▶ **Input**
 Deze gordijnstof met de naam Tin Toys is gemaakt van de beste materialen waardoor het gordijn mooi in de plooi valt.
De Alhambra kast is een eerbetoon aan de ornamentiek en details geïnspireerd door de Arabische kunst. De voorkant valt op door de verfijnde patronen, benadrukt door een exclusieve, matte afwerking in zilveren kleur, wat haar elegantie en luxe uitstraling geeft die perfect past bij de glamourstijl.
--
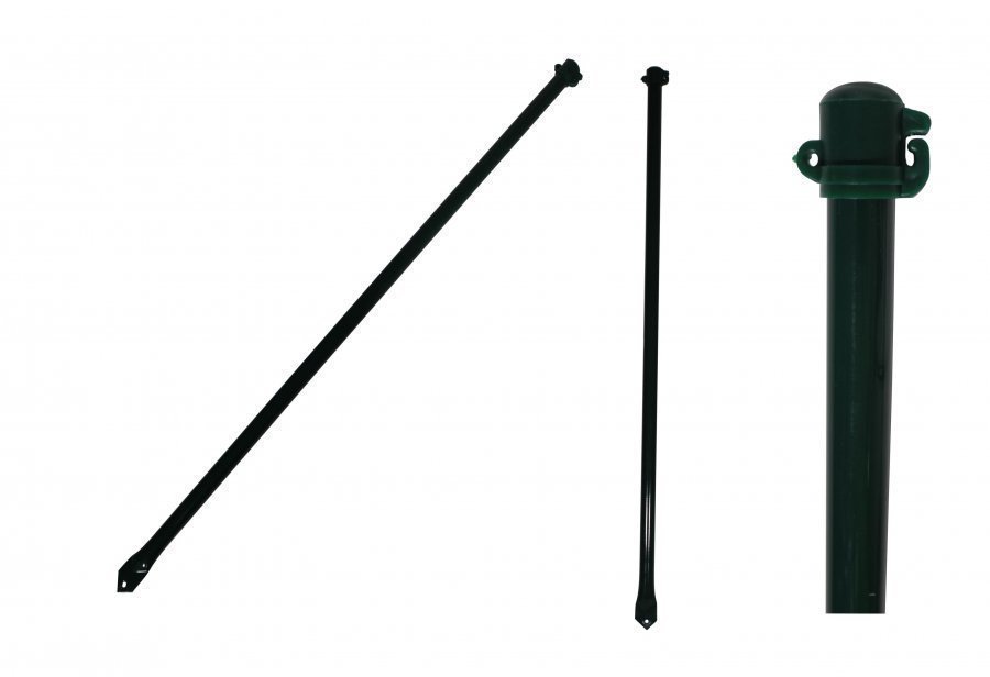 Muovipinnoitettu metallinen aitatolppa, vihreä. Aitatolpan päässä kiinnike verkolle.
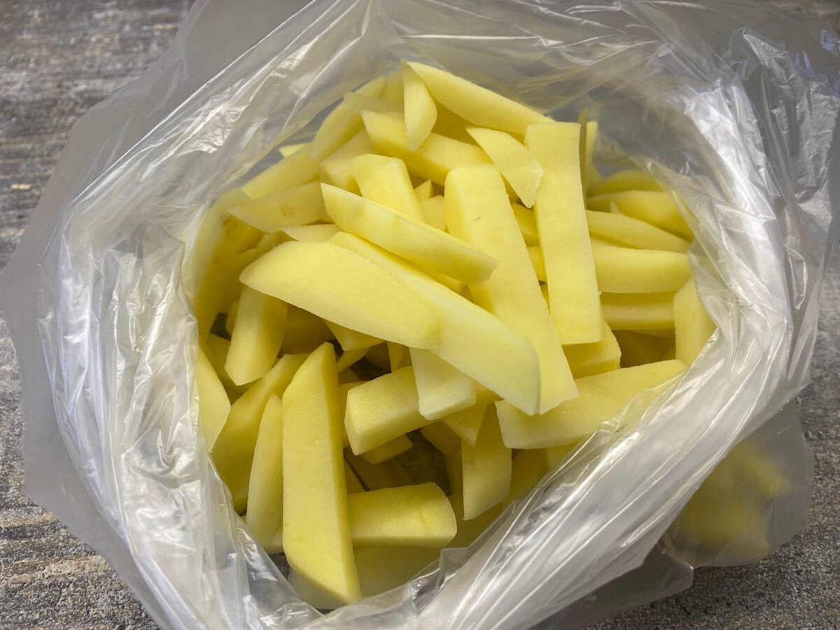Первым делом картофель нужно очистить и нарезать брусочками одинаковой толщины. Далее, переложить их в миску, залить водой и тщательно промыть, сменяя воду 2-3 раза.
...
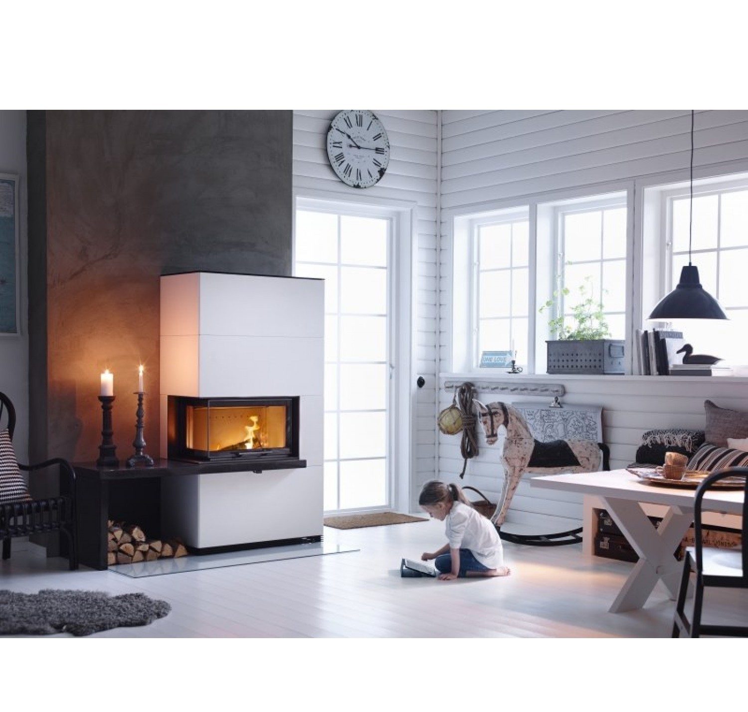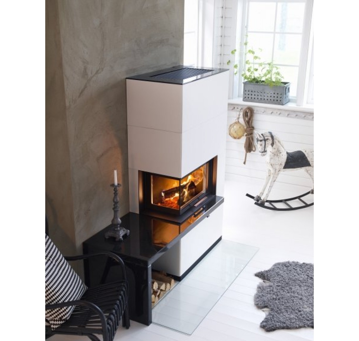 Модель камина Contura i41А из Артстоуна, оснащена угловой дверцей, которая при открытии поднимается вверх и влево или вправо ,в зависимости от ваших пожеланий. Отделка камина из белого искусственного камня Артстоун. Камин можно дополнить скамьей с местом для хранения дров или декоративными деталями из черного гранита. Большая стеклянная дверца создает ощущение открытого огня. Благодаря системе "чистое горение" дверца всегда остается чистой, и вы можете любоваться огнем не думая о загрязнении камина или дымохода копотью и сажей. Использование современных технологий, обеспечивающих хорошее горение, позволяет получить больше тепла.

▶ **Your objective**
Look through the entries above, and wherever a line holds the string "valt", copy it.

▶ **Exercise output**
 Deze gordijnstof met de naam Tin Toys is gemaakt van de beste materialen waardoor het gordijn mooi in de plooi valt.
De Alhambra kast is een eerbetoon aan de ornamentiek en details geïnspireerd door de Arabische kunst. De voorkant valt op door de verfijnde patronen, benadrukt door een exclusieve, matte afwerking in zilveren kleur, wat haar elegantie en luxe uitstraling geeft die perfect past bij de glamourstijl.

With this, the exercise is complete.